Earning Future End-Users Now
Dr. Christine L.E.V. Hansen, CEO of Le Ciel
Arguably the largest divide in Linux remains the divide between developers and end-users. Developer oriented forms of communicating, like mailing-lists and wikae, are often the sole sources of information about projects. The future of Linux relies on connecting the developers, and the corporations, with the end-users who may not know what Linux is. What this end-user will know, or will have heard, is: 'somewhere there is free software.' Their next question/search will be: 'where can I get it?'As a point of departure, I propose a web site in plain language which serves as an index of Linux projects.

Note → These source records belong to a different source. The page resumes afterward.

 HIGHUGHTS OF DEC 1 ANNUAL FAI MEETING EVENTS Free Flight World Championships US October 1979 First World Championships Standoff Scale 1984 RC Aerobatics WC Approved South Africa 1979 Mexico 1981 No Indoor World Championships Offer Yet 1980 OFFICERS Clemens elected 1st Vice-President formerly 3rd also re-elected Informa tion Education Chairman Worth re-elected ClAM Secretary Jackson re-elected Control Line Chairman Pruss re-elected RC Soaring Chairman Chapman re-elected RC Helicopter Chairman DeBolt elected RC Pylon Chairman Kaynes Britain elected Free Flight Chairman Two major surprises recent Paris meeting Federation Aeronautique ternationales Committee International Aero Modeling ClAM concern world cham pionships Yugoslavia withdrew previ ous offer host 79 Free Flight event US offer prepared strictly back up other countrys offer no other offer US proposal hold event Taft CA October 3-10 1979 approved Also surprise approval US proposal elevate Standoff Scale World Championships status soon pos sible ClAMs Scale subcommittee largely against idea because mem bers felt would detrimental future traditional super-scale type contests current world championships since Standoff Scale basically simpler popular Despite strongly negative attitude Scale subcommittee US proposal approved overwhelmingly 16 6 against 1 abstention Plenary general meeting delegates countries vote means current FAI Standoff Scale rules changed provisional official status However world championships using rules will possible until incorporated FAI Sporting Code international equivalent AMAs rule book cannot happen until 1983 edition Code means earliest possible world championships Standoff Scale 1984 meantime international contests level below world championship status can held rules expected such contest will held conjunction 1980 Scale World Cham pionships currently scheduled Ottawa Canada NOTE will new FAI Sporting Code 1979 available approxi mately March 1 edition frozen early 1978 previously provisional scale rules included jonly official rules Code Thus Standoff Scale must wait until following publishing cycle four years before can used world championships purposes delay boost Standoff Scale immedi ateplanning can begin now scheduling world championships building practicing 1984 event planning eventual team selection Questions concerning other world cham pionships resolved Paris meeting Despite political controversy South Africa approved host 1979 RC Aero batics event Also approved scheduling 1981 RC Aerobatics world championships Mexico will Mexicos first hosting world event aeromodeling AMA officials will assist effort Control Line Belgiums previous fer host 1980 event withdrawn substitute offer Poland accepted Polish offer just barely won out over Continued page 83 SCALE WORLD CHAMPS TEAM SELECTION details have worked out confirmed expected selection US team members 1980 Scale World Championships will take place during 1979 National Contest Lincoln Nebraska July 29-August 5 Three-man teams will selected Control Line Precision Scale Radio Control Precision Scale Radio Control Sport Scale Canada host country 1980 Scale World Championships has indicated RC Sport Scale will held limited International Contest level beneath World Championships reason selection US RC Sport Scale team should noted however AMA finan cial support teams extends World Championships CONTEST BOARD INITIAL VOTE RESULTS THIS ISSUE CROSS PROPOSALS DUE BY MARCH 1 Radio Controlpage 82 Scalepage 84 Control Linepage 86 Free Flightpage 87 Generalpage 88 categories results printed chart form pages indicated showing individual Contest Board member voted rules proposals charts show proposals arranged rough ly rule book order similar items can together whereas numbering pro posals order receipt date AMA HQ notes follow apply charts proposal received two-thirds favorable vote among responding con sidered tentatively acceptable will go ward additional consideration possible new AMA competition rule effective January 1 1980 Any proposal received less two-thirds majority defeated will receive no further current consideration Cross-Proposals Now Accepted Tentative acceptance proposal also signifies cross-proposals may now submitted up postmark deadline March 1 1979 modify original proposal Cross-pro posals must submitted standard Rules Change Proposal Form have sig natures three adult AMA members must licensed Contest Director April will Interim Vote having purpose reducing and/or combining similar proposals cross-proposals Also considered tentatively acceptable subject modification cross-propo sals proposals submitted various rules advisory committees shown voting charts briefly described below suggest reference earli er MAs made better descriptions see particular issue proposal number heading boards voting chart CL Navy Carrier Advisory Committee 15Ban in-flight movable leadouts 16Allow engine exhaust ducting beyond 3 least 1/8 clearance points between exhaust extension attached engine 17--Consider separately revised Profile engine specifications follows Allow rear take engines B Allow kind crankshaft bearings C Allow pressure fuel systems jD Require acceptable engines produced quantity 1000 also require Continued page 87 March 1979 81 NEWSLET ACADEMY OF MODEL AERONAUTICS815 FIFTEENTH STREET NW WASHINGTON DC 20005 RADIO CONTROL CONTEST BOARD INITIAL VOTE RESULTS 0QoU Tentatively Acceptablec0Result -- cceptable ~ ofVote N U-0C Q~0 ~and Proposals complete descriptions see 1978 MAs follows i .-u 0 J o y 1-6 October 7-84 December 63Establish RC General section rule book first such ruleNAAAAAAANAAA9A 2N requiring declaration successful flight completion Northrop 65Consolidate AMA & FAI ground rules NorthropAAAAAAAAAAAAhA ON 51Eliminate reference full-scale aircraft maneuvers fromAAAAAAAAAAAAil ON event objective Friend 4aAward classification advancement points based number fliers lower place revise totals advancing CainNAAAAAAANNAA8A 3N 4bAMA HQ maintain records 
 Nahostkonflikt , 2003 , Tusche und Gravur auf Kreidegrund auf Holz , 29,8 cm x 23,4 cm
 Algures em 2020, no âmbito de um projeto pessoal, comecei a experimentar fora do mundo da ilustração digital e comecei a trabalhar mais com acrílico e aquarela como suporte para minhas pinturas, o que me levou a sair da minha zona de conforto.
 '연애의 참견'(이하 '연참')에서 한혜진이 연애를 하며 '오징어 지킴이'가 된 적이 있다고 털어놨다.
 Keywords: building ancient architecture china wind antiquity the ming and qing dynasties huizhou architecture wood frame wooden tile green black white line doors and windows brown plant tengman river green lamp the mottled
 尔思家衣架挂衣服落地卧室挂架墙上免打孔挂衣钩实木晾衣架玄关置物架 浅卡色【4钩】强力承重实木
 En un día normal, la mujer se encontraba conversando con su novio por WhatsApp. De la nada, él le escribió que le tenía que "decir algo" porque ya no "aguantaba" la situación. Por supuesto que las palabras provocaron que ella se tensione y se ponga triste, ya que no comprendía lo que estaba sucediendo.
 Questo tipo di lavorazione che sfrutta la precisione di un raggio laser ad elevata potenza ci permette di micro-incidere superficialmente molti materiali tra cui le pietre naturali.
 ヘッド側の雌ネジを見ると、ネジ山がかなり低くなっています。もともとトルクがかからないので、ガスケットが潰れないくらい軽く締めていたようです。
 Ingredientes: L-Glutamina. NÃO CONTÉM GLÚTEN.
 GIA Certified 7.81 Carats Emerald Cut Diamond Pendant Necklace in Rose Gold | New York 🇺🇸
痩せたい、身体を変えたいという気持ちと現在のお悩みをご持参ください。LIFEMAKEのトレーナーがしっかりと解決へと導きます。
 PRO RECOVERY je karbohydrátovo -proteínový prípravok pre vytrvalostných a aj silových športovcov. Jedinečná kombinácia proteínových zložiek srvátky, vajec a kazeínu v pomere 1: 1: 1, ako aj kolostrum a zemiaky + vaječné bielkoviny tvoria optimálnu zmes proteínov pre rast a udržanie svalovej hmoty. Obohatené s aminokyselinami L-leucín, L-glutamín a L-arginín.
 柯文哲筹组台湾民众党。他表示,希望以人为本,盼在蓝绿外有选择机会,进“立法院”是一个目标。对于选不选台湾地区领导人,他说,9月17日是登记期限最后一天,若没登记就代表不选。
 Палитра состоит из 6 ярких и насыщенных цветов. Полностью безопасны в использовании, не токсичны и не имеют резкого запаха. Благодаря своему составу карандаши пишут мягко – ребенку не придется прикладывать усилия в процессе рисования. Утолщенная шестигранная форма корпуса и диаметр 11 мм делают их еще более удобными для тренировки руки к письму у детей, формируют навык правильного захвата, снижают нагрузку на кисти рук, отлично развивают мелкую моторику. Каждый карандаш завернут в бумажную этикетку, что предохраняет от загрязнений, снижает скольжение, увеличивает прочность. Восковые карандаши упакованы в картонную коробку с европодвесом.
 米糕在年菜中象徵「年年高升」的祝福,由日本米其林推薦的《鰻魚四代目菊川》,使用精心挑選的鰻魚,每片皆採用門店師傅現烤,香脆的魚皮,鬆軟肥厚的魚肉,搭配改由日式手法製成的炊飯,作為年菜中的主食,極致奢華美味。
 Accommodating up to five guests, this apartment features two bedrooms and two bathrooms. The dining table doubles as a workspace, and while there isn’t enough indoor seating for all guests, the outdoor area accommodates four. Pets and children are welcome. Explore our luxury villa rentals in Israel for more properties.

All projects: commercial, nonprofit, ones in process, big, small. Obviously, voluntary participation. All together in one, search-able place. Audience: users, developers, corporators. The technical level is not as important as the pragmatic and visionary level, which ought to be high. High collaboration factor.
What the World sees:
1) Too slow
2) No 'instant ignition'
3) Product/project redundencies
4) ---oops missed it ---
Christine provided a distinction between "pure" and "applied" developers - pure being much of the first wave, idealogical, focused on Linux for themselves; applied being more focused on projects, more aware of their end users, more often speaks both tech and a human language, may be outside of North America.
Next Step: Step Up
Instant ignition, in their own language(s), solve the rediculous problem of redundant effort, introduce a multilingual Linux web presence, empower global Linii. (is that a plural for Linuxes?)
Christine pointed out that Transparent Software often has an organic life that may help it to live much longer than many of the short term trends.